The interval of convergence refers to the set of all values of \( x \) for which a given series converges. To find this interval, it is crucial to determine where the series actually converges. Once we know the radius of convergence—let's call it \( R \)—we can often say that the interval of convergence is within \( (a - R, a + R) \), where \( a \) is the center of the power series.In simpler terms, the interval of convergence tells us the "comfortable zone" for \( x \), in which the series behaves nicely and doesn't smash to infinity. In the given problem, since the radius of convergence is infinite, it means our interval stretches from \(-\infty\) to \(\infty\). This tells us that the series converges for every real number \( x \). So, unlike typical series which have a smaller interval, this one behaves for every single value of \( x \).

The ratio test is a handy tool for determining the convergence of a series. It's based on comparing the size of consecutive terms in a sequence. Here's how it works: if the ratio of successive terms \( \left| \frac{a_{n+1}}{a_n} \right| \) tends toward a value less than 1 as \( n \) becomes very large, the series converges absolutely.To apply the ratio test:

• Compute \( \left| \frac{a_{n+1}}{a_n} \right| \)
• Take the limit as \( n \to \infty \)
• Check the result

In your exercise, the ratio test confirms convergence for any \( x \) because the limit equals zero. This implies a radius of convergence that is infinite, leading to an interval of convergence that spans all real numbers. It's like a magical pass that lets you know the series is friendly over any number line!
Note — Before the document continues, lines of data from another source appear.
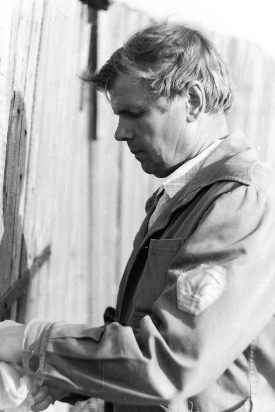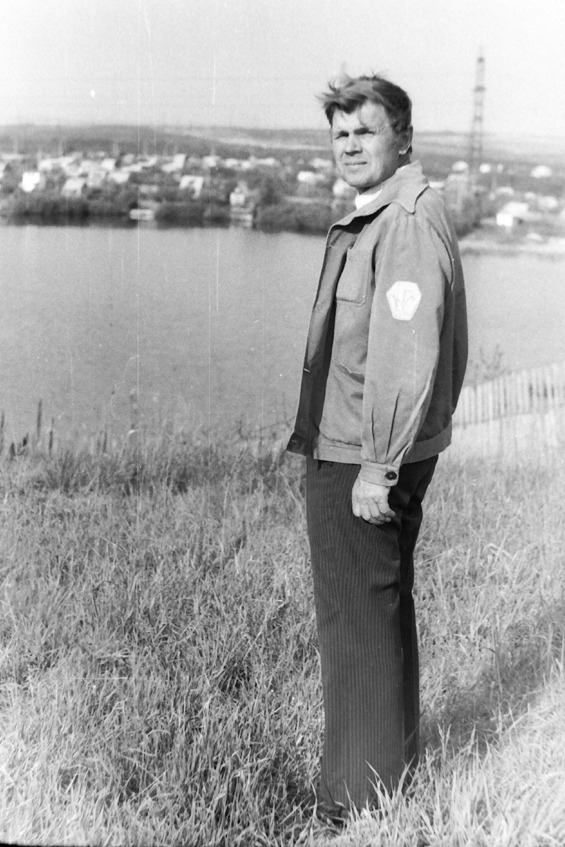 Сфотографировал папу перед отправлением домой, сзади расположено наше дачное озеро, 1986 год
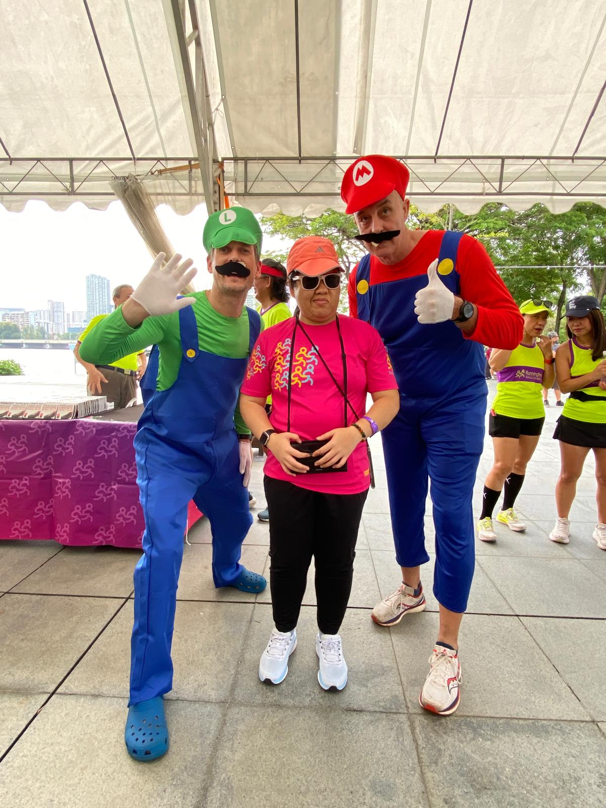 The event took place 15 Nov at the Stadium Kallang. The tentage was set up at the outdoor arena beside the volley ball court. There were registration, goodie bag booth and the AV systems were set up with music and stuff. All the usual suspects for Running Hour were there, Mike and Gilles dressed up as Mario and Lugi to cheer the crowd. Arthur and Elaine with their kids, Andreas, the rest of the kids. Some of the members doubled up as volunteers to marshal the crowd through the route.
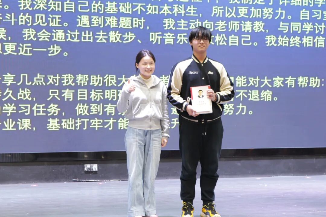 史翠侠同学向学弟学妹赠送代表知识传承的书籍,并分享专升本成功经验。她告诉同学们要学会“善用资源”,多追着师长问出困惑、把网课与资料用成“随身锦囊”;更要做好“心态调节”,接纳情绪后再带着乐观重新出发。
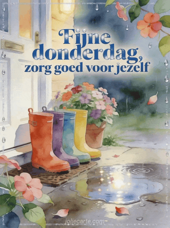 Deel een attente fijne donderdag kaart met een regenachtige voordeur, kleurrijke regenlaarzen, bloeiende impatiens en glanzende plassen. Je kunt ook prettige donderdag kusjes, mooie afbeeldingen voor fijne donderdag of een zonnige fijne donderdag afbeelding sturen.
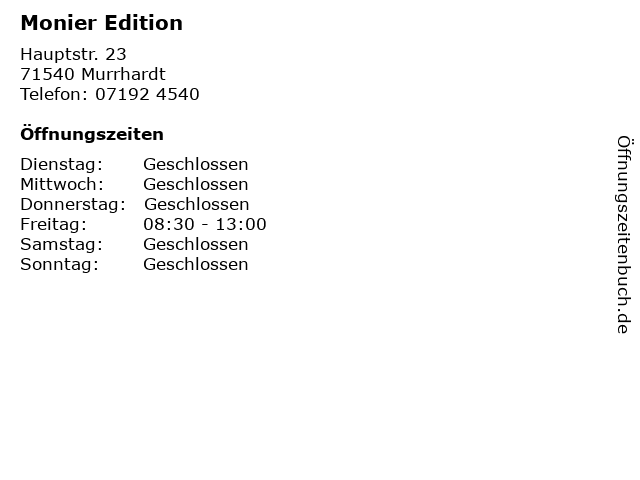 | Öffnungszeiten Monier Edition in Murrhardt anzeigen | |
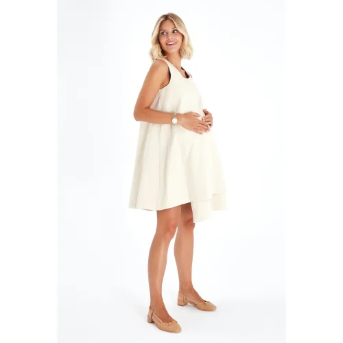 Made entirely of cotton, this dress is always with you with its stylish, comfortable and breathable fabric structure. You can use the front piece as a curtain by opening the hidden snap under the left arm, you can easily breastfeed through the opening on both breasts without the need for a breastfeeding cover. It is designed so that you can breastfeed anywhere, without looking naked, away from the disturbing gaze around you. You can use it during breastfeeding and subsequent periods. Remember that your baby will like it as much as you if you don't use the breastfeeding cover!
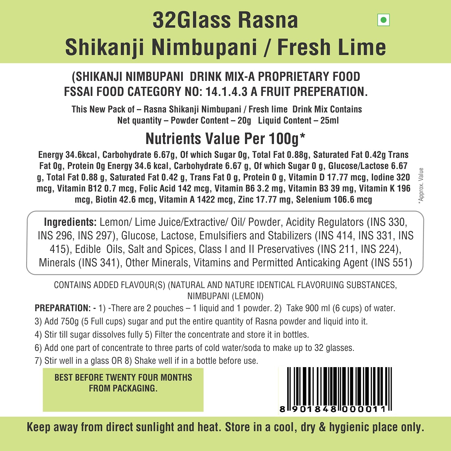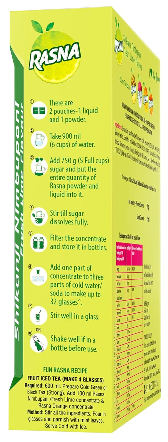Usage:Mix the recommended quantity of Rasna powder with cold water as per pack directions. Stir well and serve chilled.

The double factorial is a lesser-known operation, but it's quite crucial for problems like this. Notated as \((2n-1)!!\), the double factorial of an odd number is the product of all odd numbers up to that odd number. For instance, \((5)!! = 5 \cdot 3 \cdot 1\).Imagine it this way: you skip every second number from the sequence of positive integers, then multiply the remaining numbers! In this problem, \((2n-1)!!\) stands for the product all odd numbers up to \((2n-1)\).This is important because the series term involves this special kind of factorial, making the series decrease fast and helps it converge on a wider set of \( x \) values. The double factorial makes the denominator grow significantly large, which makes the whole term smaller.

Infinite convergence is a phenomenon where a series converges regardless of how large or small the values of \( x \) are. It's a pretty big deal in the world of mathematics because it means that no matter what value you substitute for \( x \), the series will behave nicely and converge.For the series in the exercise, the conclusion that the series converges for all \( x \) comes from the fact that applying the ratio test led to a limit of zero. Essentially, this means there's no real number \( x \) that would cause the series to diverge, hence an infinite radius of convergence.Think of it as a never-ending friendship between \( x \) and the series—they simply get along no matter the situation. It's a reassuring property because mathematicians and enthusiasts can experiment with \( x \) freely without worrying about the series going out of bounds.